Whatever their incentive, the Twins rallied from behind three times on Thursday, the last coming when they were down to their final strike. But Plouffe delivered a clutch single, Arcia bashed a go-ahead triple, and Perkins protected the Twins' first victory of the year, and the 999th of Gardenhire's career, a crazy 10-9 win over the White Sox at U.S. Cellular Field.
"That was a character win," Colabello said after driving in a career-high six runs on a pair of doubles and a groundout.
"We needed that one," Plouffe agreed after twice driving in two-out, two-strike runs. "Yesterday was a heartbreaker for us. ... To come back today and respond, that's a good sign."
There were plenty of signs, good, bad and so-so, on a wet and windy day in which the temperature never rose above 37 degrees. Phil Hughes mowed through the White Sox lineup twice with only a couple of hiccups in his Minnesota debut, then gave up three extra-base hits in the space of four batters to squander his big lead. Anthony Swarzak gave away the first lead he was trusted with since last Aug. 10, but Brian Duensing was sharp in his return from paternity leave. Josmil Pinto tied the score with the Twins' first home run of the season, but Caleb Thielbar immediately surrendered a tiebreaking blast to Marcus Semien, who had been 0-for-13 in the series.
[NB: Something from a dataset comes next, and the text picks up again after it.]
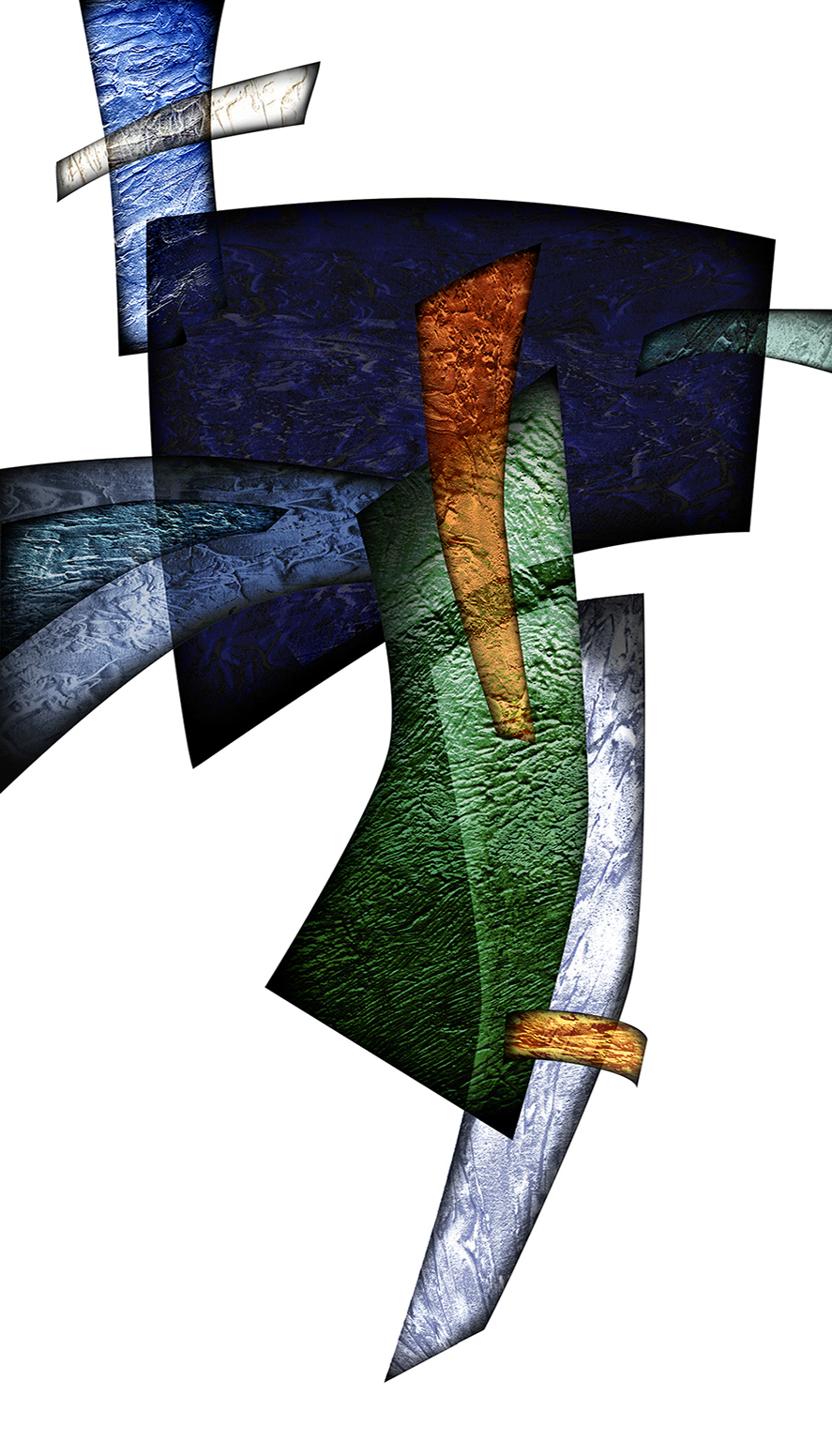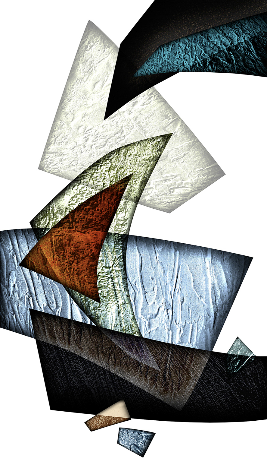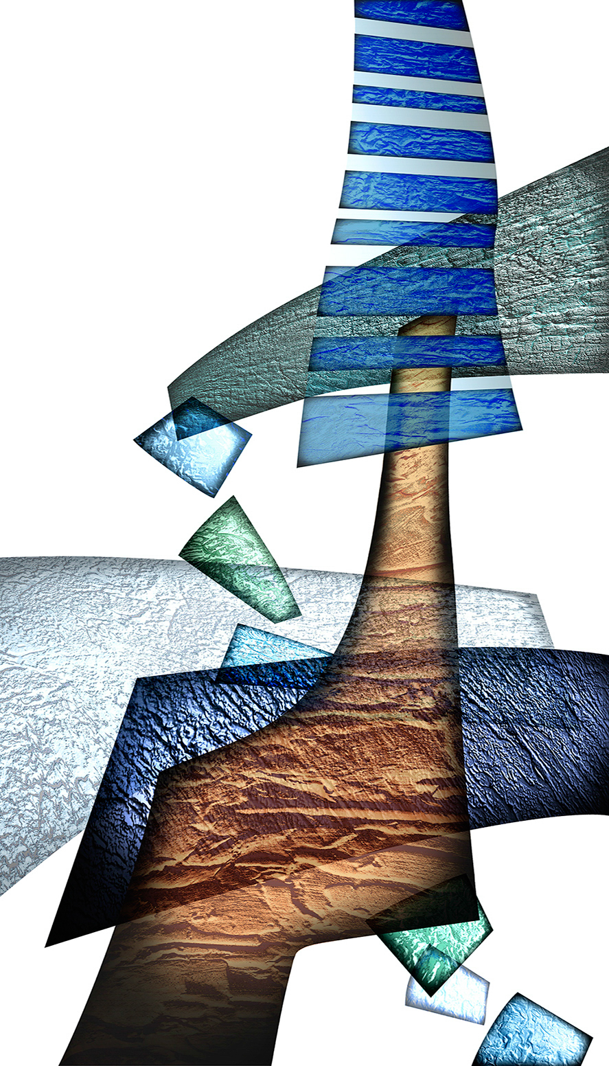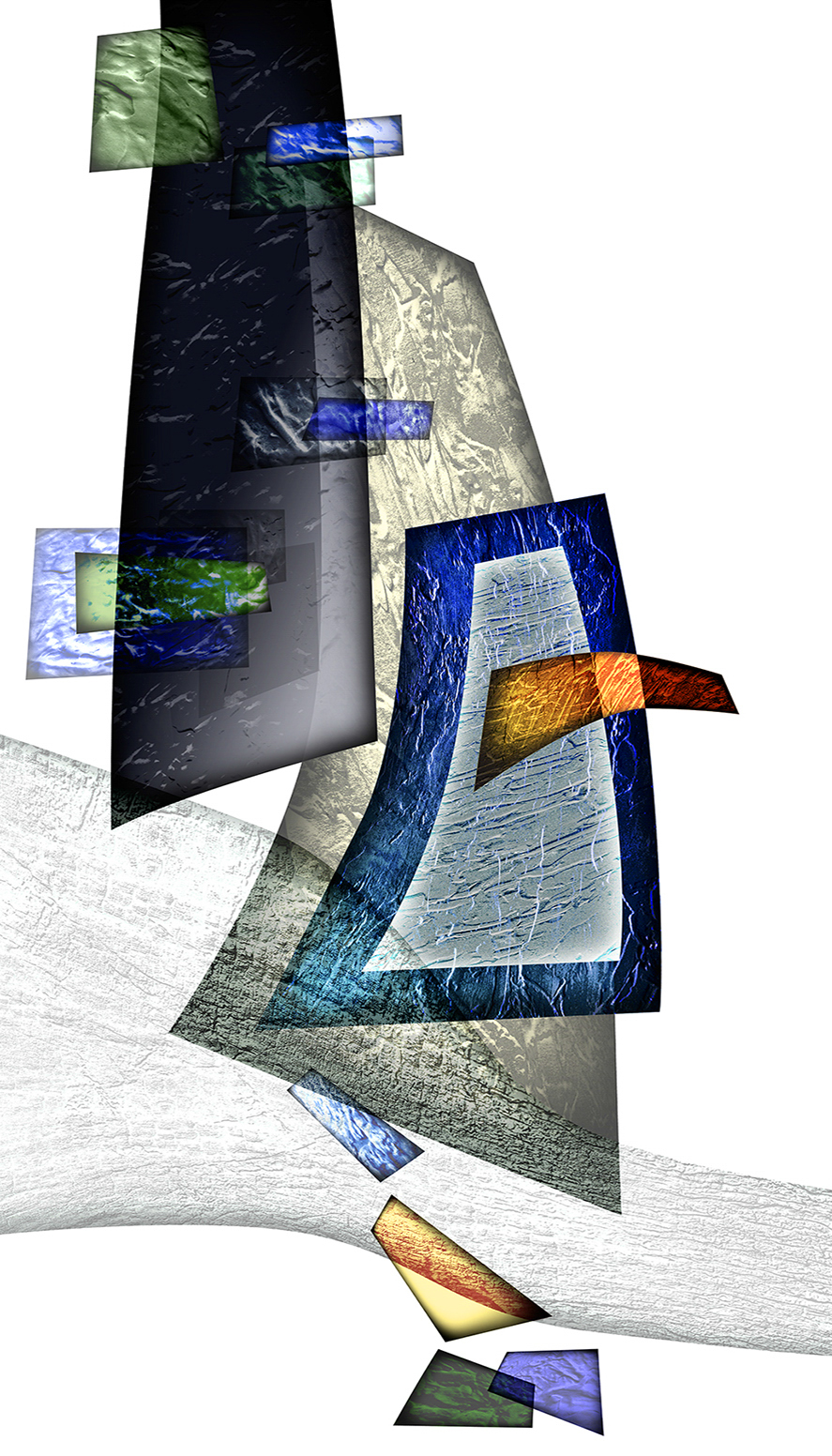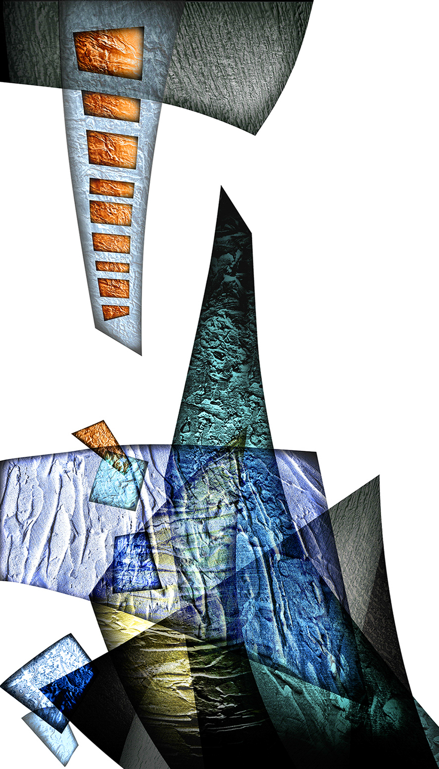 While the matrices of my prints are digital files, the elements that make up their compositions are not generated digitally – they are made by me 3-D objects covered with variety of textures then digitalized. I explore their expressive possibilities arranging them within multiple layers of graphic software, modifying them and enriching with color and transparency while searching for my personal metaphors and symbols.

And all that back-and-forth was building up to a dramatic ninth inning, when both teams' fortunes swung wildly on pitch after pitch. "It didn't really seem like anyone wanted to win the game," Perkins said.
Or maybe both wanted to win badly. With Semien's homer providing newly appointed White Sox closer Matt Lindstrom a 9-8 lead, the Twins appeared doomed to a season-opening sweep, something Gardenhire dreaded. "You lose your first two — I mean, just start winning," the longtime manager said after drawing one victory away from becoming the 60th to win 1,000 games. "I want this atmosphere to be a winning atmosphere. ... And our guys fought hard."